Elyx struggles up out of the gore of the still moving but no longer assembled creature. Wolf hovers over Dwyn's body and will let no one touch it. Pudgit throws lit torches on Dwyn from a distance until he burns in a hero's funeral. Wolf backs away, afraid of the fire: his human is gone and he does not know these humanoids. Matthonwy asks Delon wtf. Delon explains that that man had been the druid Forest Oracle, now possessed by one of three spirits once trapped in the Temple of Elemental Evil: Moksha Jehannum, the one called Fleshharrower. These were an ancient evil not seen in the world for many years, unkillable by any means known to man, be able to possess living souls on a whim. Of the others there is Turiya Herem, that one called Kingslaughterer, who was known to have gained the body of a subhuman beast: a great ape, and was creating armies of animals made insane by his malign presence, and driving them against humankind. The third, Samadhi Sheol, has not been seen, and no one knows what form he might have taken.

The three are agents of an evil older than time, and are just awakening. They are in league with the general onslaught on the civilized communities of the world man, dwarf, elf, fun folk, are all alike besieged in their homes by bloodthirsty evil that seeks nothing less than the conversion of the world into an inhospitable hellscape. Nursing their own ancient grievances against the estabilshed civilizations, the dispossessed people of the realms - the goblins and orcs and bugbears - have thrown in, in no small numbers, with the agents of these evils, as have powerful, independent factions, like the giants, who have no love for man or dwarf or elf.

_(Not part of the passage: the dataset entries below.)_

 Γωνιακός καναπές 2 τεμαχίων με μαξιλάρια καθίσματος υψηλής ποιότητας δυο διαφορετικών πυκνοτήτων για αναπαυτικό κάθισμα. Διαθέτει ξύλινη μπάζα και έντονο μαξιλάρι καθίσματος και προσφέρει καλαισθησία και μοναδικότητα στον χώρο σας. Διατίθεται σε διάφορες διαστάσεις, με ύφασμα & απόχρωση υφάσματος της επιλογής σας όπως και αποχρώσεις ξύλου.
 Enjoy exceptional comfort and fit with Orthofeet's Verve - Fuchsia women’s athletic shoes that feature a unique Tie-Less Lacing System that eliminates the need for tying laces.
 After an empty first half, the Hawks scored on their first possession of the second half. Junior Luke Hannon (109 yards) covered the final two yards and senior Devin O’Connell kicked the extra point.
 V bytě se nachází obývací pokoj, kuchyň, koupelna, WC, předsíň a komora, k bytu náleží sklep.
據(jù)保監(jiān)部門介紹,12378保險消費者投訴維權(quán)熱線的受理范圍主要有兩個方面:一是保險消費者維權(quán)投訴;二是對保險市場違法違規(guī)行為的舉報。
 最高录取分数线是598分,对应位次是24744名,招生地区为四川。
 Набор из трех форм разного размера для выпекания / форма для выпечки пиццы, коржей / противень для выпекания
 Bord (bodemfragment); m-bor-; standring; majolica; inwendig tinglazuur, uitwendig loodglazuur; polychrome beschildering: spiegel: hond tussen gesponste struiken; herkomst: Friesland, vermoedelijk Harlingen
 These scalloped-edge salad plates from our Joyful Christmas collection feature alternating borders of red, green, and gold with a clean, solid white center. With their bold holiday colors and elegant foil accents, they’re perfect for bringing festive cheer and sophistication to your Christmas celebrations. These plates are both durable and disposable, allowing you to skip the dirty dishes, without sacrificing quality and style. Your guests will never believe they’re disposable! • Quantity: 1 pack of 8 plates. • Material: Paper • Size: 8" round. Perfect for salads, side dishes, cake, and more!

And Moksha Jehannum wants Elyx. The hand of a necromancer, willingly severed, is a powerful artifact, and if he had access to her physical presence, it could become more powerful still.

We leave our characters here, mourning their dead and contemplating their next move.

Mon, Dec. 16th, 2013 04:05 pm (UTC)
mordicai

Waromere alas not among the escapees!

Mon, Dec. 16th, 2013 09:56 pm (UTC)
kingtycoon

An epic size! Nearly 7 feet tall! Wonderful.

Seriously, nicely done. I love the clumsy semi-comic antics of PC and monster alike - they speak to a need I have for verisimilitude. That's stuff you don't see in movies.

Tue, Dec. 17th, 2013 07:21 am (UTC)
fordmadoxfraud

He grew nearly two feet!

I feel like "clumsy semi-comic antics" is basically my whole mojo.

Tue, Dec. 17th, 2013 02:15 pm (UTC)
mordicai

Marlon Wayans in the D&D movie is your cinema icon.